Al ver el rostro de sorpresa de su amigo, Elliot se apresuró a aclarar:
—Concretamente, debemos seguir los pasos del Yeti que, según creemos, podría ser la criatura encargada de proteger la Piedra del Aire —comentó Elliot—. Según Foothills, el Everest y el Lhotse son las dos montañas donde sería más probable que encontrásemos su rastro… si es que verdaderamente existe, algo que ella ha puesto en duda.
—¡Claro que existe! —exclamó Coreen dando un brinco que los dejó estupefactos—. Foothills es una buena maestra, pero tiene tan poca fe como los humanos que no creen en la magia. Lo pudiste comprobar el año pasado, cuando dijo que los dragones dorados no existían. Si le comentase que mi abuelo encontró un rastro del Yeti hace ya muchos años, seguro que diría que son habladurías. ¡Y eso que tengo pruebas de ello!
—¿De verdad? —preguntó Eric, abriendo los ojos como platos. El corazón le había comenzado a palpitar con intensidad.
—¡Ya lo creo! —contestó Coreen—. Ahora veréis.
Acto seguido, desapareció por la puerta del salón y se perdió por el pasillo. Instantes después, apareció más sonriente que nunca. En sus manos portaba un pequeño cofre de madera.
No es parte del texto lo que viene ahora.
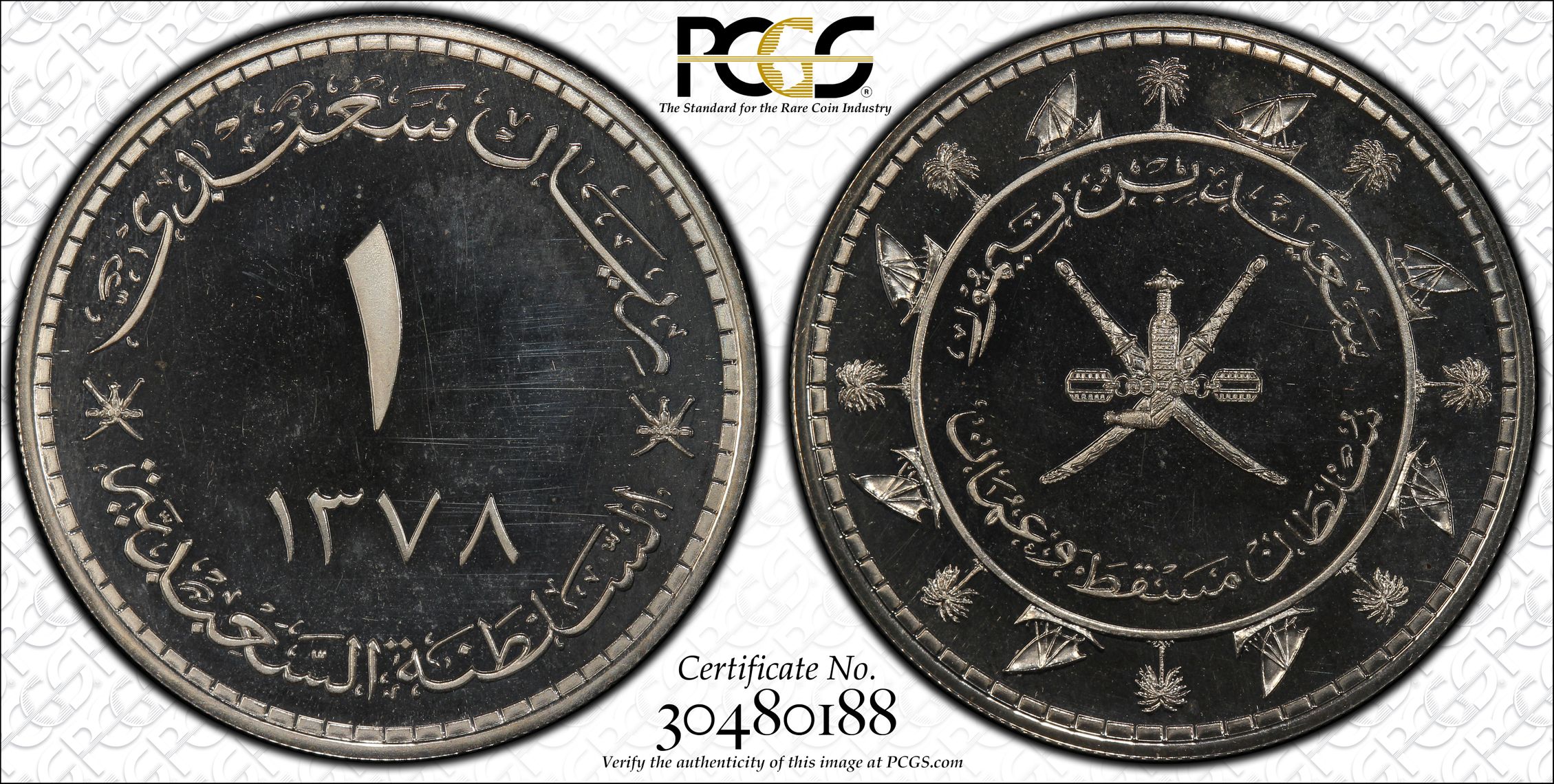 PCGS 钱币信息 | 认证编号 #30480188 - AH1378 (1959) Muscat & Oman S. Rial

Tanto Elliot como Eric se arracimaron en torno a él y esperaron ansiosos a que les mostrase lo que escondía aquel cofrecillo. Con los dedos temblorosos por la emoción, Coreen insertó la llave en una diminuta cerradura y abrió la tapa. Por un instante, a Elliot le pareció que el interior resplandecía ligeramente, aunque fue un efecto pasajero. Coreen introdujo su mano y extrajo una pelambrera tan blanca que parecían hilos de nieve resbalando entre sus temblorosos dedos.
—La mayoría de la gente que lo ha visto, ha dicho que no es más que parte del pelaje de una cabra… —dijo Coreen encogiéndose de hombros, como si no le importase lo más mínimo la opinión de los demás—. Si piensan eso, peor para ellos. No merece la pena demostrarles que se trata del verdadero rastro de una criatura mágica, es decir, del Yeti.
—¿Cómo puedes demostrar que es justo del Abominable Hombre de las Nieves y no de otra criatura? —preguntó Eric, que no había percibido ningún síntoma mágico en la pelusa.
—Os lo voy a mostrar.
Con paso decidido, cerró las contraventanas de madera y eliminó cualquier rastro de luz que pudiese penetrar en el salón. A medida que la oscuridad fue envolviendo a los amigos, un fulgor comenzó a emanar del cofre que contenía los restos del pelaje del supuesto Yeti. Tanto Elliot como Eric quedaron maravillados por el suceso.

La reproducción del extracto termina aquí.